Передо мной мужчина в черном сюртуке, черном цилиндре и черных сапогах. Из-за голенища одного сапога торчит обрывок веревки.
– Ну что, дорогой, таращишь свои объективы? – спрашивает он. – Черта, что ли, не видел?
– Чертей не бывает, – отвечаю я.
– Не бывает? Посмотри-ка!
И вытаскивает из-за сапога веревку. И что бы вы думали – это хвост! Как у коровы, только длиннее. Снимает цилиндр. А под ним два стройных рожка!
– Ну, теперь видишь, что я черт?
– Нельзя верить всему, что видишь.
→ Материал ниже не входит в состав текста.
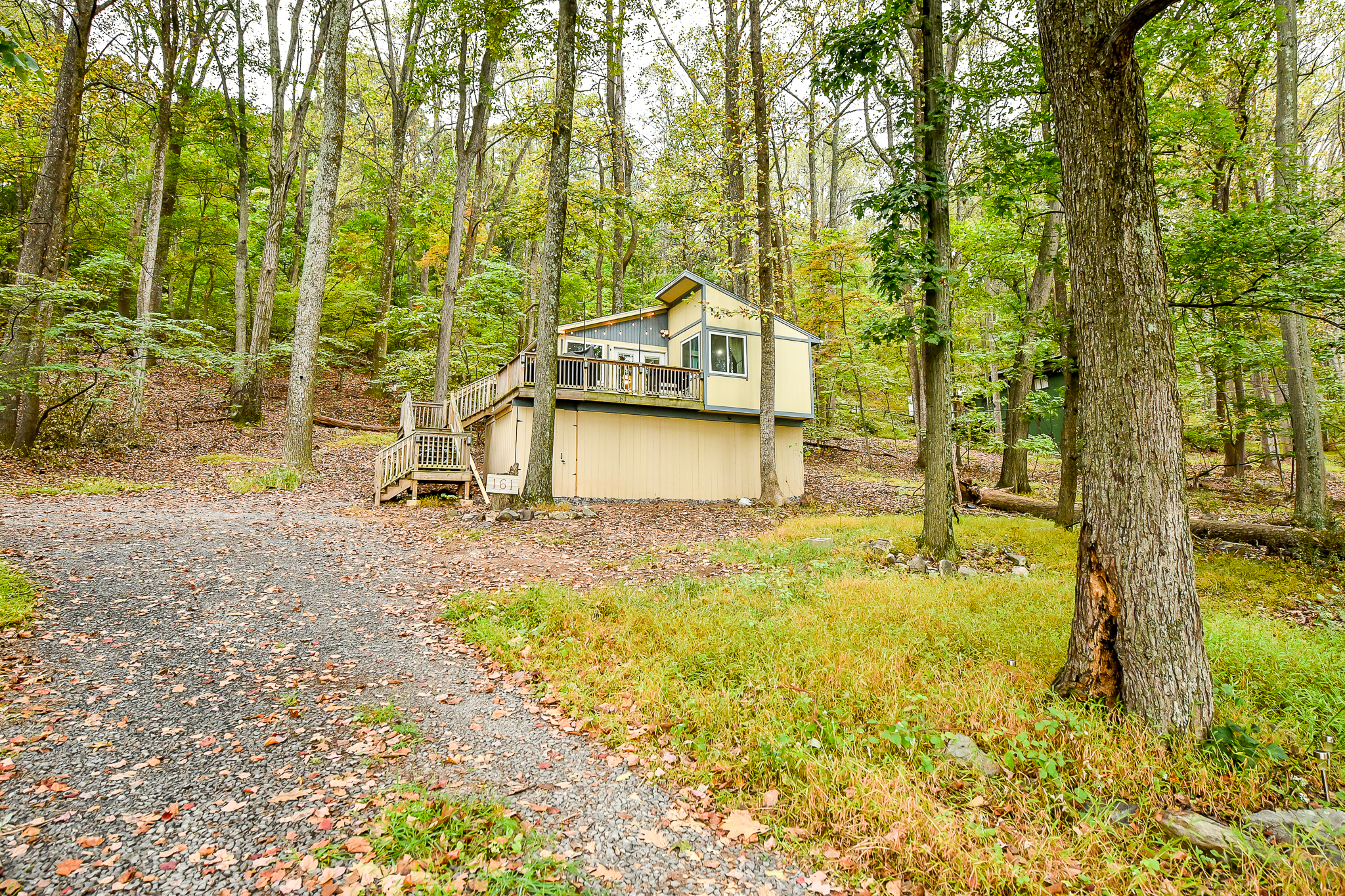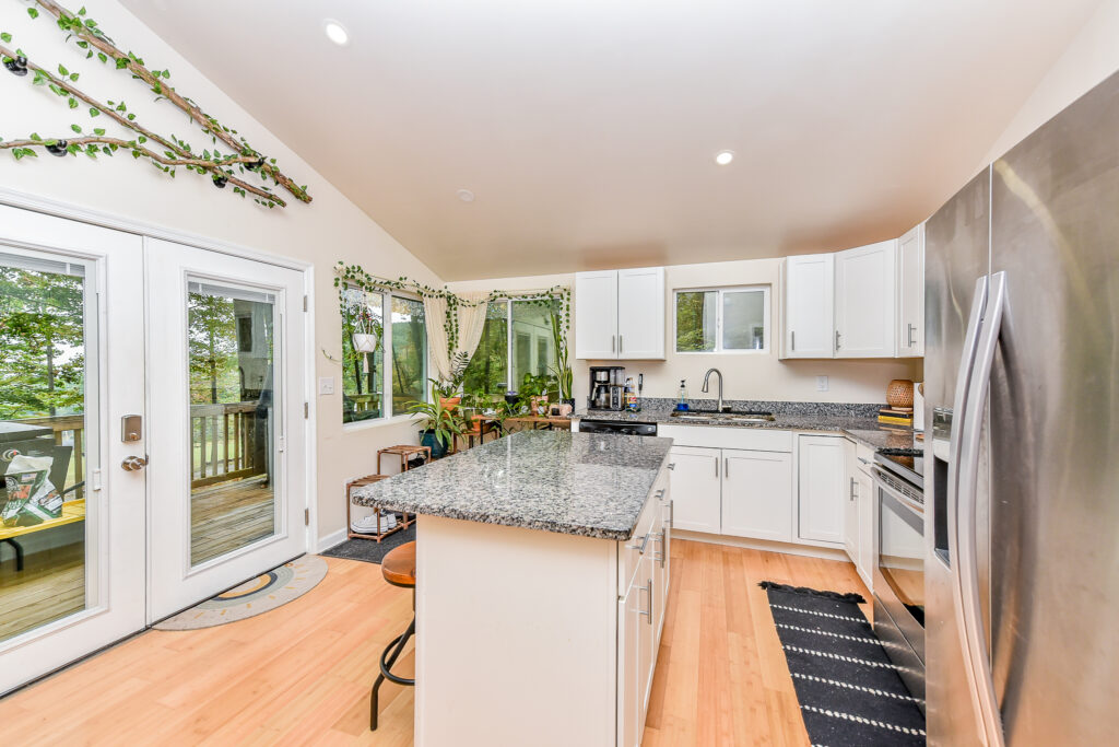 | This lovely cabin, situated on a 1.5-acre lot bordering the Sleepy Creek Wildlife Management Area in the Eastern Panhandle, offers privacy and outdoor enjoyment. The community includes a private lake with a beach, swimming pier, and picnic area. The 2-bedroom, 1-bath property has been thoughtfully updated. The kitchen features white shaker cabinetry, granite countertops, stainless steel appliances, and a kitchen island. An open floor plan with vaulted ceilings and recessed lighting creates a bright, airy living space. French doors open to a spacious deck with scenic views, the perfect spot for morning coffee. Features include updated windows, bamboo flooring, and 200-amp electrical service. Storage under the home provides additional convenience. Schedule your showing today! |

В моей электронной памяти четко и ясно записано, бога нет – чертей нет, так что ты не существуешь!
Незнакомец вздохнул.
– Хорошо, допустим, что я не существую. Но теперь – за дело! Скажи, ты не хочешь, чтобы тебя озолотили?
– Озолачивать меня ни к чему, меня надо смазать маслом!
– В твоем распоряжении будет огромный масляный бассейн. Двенадцать чертей будут тереть твою жестяную спину.
Ух, как мне нравится, когда натирают спину! И мысль о масляном бассейне неплоха. Я позволю бултыхаться в нем и другим роботам, а потом мы сыграем в очко! Здорово!
– Где же бассейн?
– Погоди, не все сразу! – Незнакомец наклонился поближе к моим микрофонам и таинственно зашептал: – Прежде всего послушай умного черта. В аду сейчас катастрофическое положение. За все тридцатое столетие мы сунули в котел всего двух лжецов и десять прелюбодеев. Это ужасно! Чертям грозит безработица и голод. Будущее не обещает ничего хорошего – не можем же мы свои перспективные планы основывать на одних только нарушителях супружеской верности! Поэтому сатанинский собор повелел мне выбраться на поверхность земли и сделать так, чтобы на свет вернулись добрые старые времена со всеми грехами. Тогда – слава богу! – снова появятся и воры, и мошенники, и грабители – и ад заработает на полную мощность. Но людям теперь стало слишком хорошо. Являлся я уж многим во сне и искушал их: «Ну, миленький, устрой мятеж! У тебя будут деньги, у тебя будет власть, все будут танцевать под твою дудку!» Ничего не помогает, все посылают, меня, Вельзевула, ко всем чертям!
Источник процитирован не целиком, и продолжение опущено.